The new consultant, who heads an independent IT company, is on a retainer for server maintenance, according to Foster. “He watches the system for intruder alerts, possible breeches and system success at blocking the malware or other threats,” she says. “In addition, he provides other assistance, such as the instillation of our new malware software, on an as- needed basis.”
Besides hiring this IT consultant, Foster’s firm has assigned a team member to be its internal expert on cybersecurity. “She is tuned into various news feeds and regular updates on this subject,” Foster says. “Then, as everyone on our staff sees articles or additional information that we think might be pertinent, we channel it through her. This team member, in turn, has professional contacts to run the information by and verify that we are covered, or help her look for other updates to keep our client and company information secure.”
With or without a designated in-house cybersecurity specialist, an outside professional can help with continuous precaution. The engagement with Halpern Financial’s consultant, for example, includes a program of educating employees about data security, with updates about new threats. “We have ongoing cybersecurity training throughout the year,” says Sotudeh. “When the workspace was implemented, all of our employees were trained to use it securely. Procedures were established to ensure the most secure usage.”
Kies says his firm has an extensive array of new procedures implemented to boost cybersecurity. On the list are better firewalls; more-advanced anti-virus, anti-malware, anti-spam email filtering and archiving; a more sophisticated backup system for its servers; better password management features and password vault implementation. “Our IT firm also provides end-user training on common mistakes,” he says.
At Harbor Financial, the result of hiring an outside expert has been a two-step process to strengthen cybersecurity. First, the firm created a list of procedures that were already in place. “They included having strong firewall protection, robust anti-viral software and spam filters,” says Foster. “We use encryption software when emailing sensitive client information, and use tokens when logging onto Schwab."

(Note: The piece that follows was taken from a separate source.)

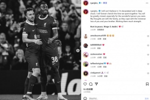 體育資訊7月4日訊 利物浦前鋒若塔因車禍去世,年僅28歲。隊友赫拉芬貝赫通過社媒送上悼念: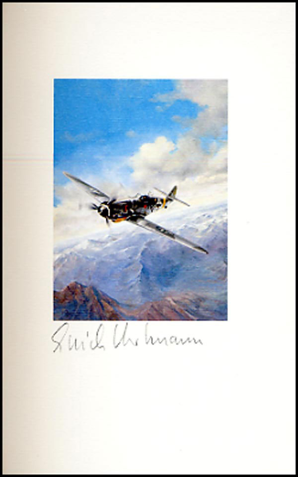 Signed book: The Blond Knight Of Germany. Pennsylvania: Tab Aero, 1970. Hardcover, 6.25 x 9.5, 332 pages. Signed in pencil on the second free end page bearing a color image of of Hartmann in flight. In fine condition. RRAuction COA.

The second step, new safeguards, includes more-extensive wire procedures and ongoing education for employees, who are reminded about taking care when opening files in suspicious emails. “In addition,” says Foster, “we have protocols for any work done remotely, we continue to move to more cloud-based software and we maintain cybersecurity insurance coverage.” As yet another precaution, Harbor Financial has separated its phone and Internet services.
Quote"When we took out a cyber policy in 2015, we discovered that some policies don’t cover ransomware." -Elyse Foster, Harbor Financial Group.
“We have learned that the threats to our company are very real and need to be covered by insurance,” says Foster. “However, we were surprised that these items are not covered in a standard business policy. When we took out a cyber policy in 2015, we discovered that some policies don’t cover ransomware [malicious software that blocks access to a computer system until the victims pays]. In the event of a breech, some policies might not cover our business loss of cash, for example, even though they might cover losses in client accounts. It is hard to keep up with the risk coverage when the risk itself is rapidly changing.”
Unfortunately, those changes don’t seem to be slowing, so advisers may find themselves needing astute advice themselves in order to avoid cyber catastrophe.